Sejumlah kasus penyelewengan profesi hakim di negeri kita
tampaknya makin banyak terjadi. Ibarat fenomena gunung es, kasus-kasus yang
muncul masih menyimpan banyak kasus lain yang belum terkuak. Dari keputusan
hakim yang dipandang tidak adil, seperti kasus vonis hukum terhadap pencuri
sandal dan pencuri buah cokelat, hingga suap-menyuap kelas kakap. Yang terbaru
dan mengagetkan: tertangkapnya ketua MK oleh KPK. Ini membuktikan betapa
ringkih mentalitas dan karakter hakim.
Profesi
rawan
Dalam sejarah peradaban Islam, dikenal sematan profesi qadhi
al-qudhot yang merupakan instansi tertinggi dalam peradilan. Ada juga qadhi
al-madzalim, hakim yang mengurusi segala bentuk penyelewengan. Kedudukan badan
ini lebih tinggi daripada hakim biasa karena menangani perkara yang tak dapat
diputuskan hakim biasa, meninjau kembali beberapa keputusan yang ada, atau
menyelesaikan perkara banding.
Para ulama menetapkan persyaratan yang sangat ketat untuk
menjadi hakim, qadhi. Tak sembarang mereka yang ahli hukum mudah
menduduki posisi sebagai hakim. Di antara persyaratan itu adalah berkemampuan
tinggi, berkemampuan melaksanakan putusan, memiliki wibawa dan pengaruh besar,
bersih dan lurus, tidak serakah, dan menjaga diri atau sikap hati-hati dari
perbuatan syubhat dan meninggalkan yang haram.
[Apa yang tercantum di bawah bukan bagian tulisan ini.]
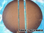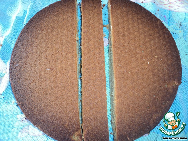 5.Коржи остудить. Хочу поделиться советом, как разрезать корж на два: края немного надрезать ножом, затем взять обычную нитку и, держа её горизонтально, двумя руками, разрезать корж.

Persyaratan ketat itu sesungguhnya berdasar pada hadis yang
mengingatkan, ”Hakim itu ada tiga golongan, yaitu satu golongan masuk surga dan
dua golongan lagi masuk neraka. Pertama, hakim yang masuk surga adalah hakim
yang mengetahui hak (kebenaran) dan ia menghukum dengan kebenaran itu. Kedua,
hakim yang mengetahui hak, tetapi ia menghukum dengan yang bukan hak, hakim ini
akan masuk neraka. Ketiga, hakim yang menghukum dengan tidak mengetahui
kebenaran dalam perkara itu dan ia memutus dengan ketidaktahuannya itu, maka
hakim ini pun akan masuk neraka” (HR Abu Dawud). Ada hadis lagi yang
mengingatkan, ”Barangsiapa yang diangkat sebagai hakim, sesungguhnya ia telah
disembelih tanpa pisau”.
Hadis itu merupakan peringatan betapa profesi hakim penuh
risiko sehingga membutuhkan ketahanan karakter diri yang kukuh. Dalam rekam
sejarah Islam, banyak ulama yang menyadari dan kemudian enggan menduduki
jabatan sebagai hakim. Ibnu Umar menolak ketika diminta Khalifah Usman bin
Affan menjadi hakim. Abu Hanifah menolak menjadi hakim, ketika diminta Khalifah
al-Mansyur. Semua ini didasari sikap karena saking takutnya terjungkal dalam
ketidakadilan dan kezaliman. Dalam pandangan ulama fikih sendiri, profesi hakim
dihukumi fardhu kifayah.
Pembenahan
mental
Ada kisah seorang sufi besar, Jalaluddin Rumi. Rumi dulunya
adalah seorang hakim yang sangat ahli dan kesohor pada masanya. Rumi dilahirkan
di lingkungan terpelajar. Bapaknya adalah seorang ahli hukum dalam mazhab
Hanafi. Keilmuannya tentang hukum yang luas membuat Rumi dipercaya jadi hakim
dan mengajar di madrasah-madrasah. Muridnya banyak dan masyarakat
berduyun-duyun menimba ilmu dari Rumi. Rumi juga dikenal sebagai pembicara yang
piawai dalam diskusi ilmiah yang menghadirkan banyak ilmuwan. Perjalanan
profesinya ini ia lakoni hingga usia 40 tahun.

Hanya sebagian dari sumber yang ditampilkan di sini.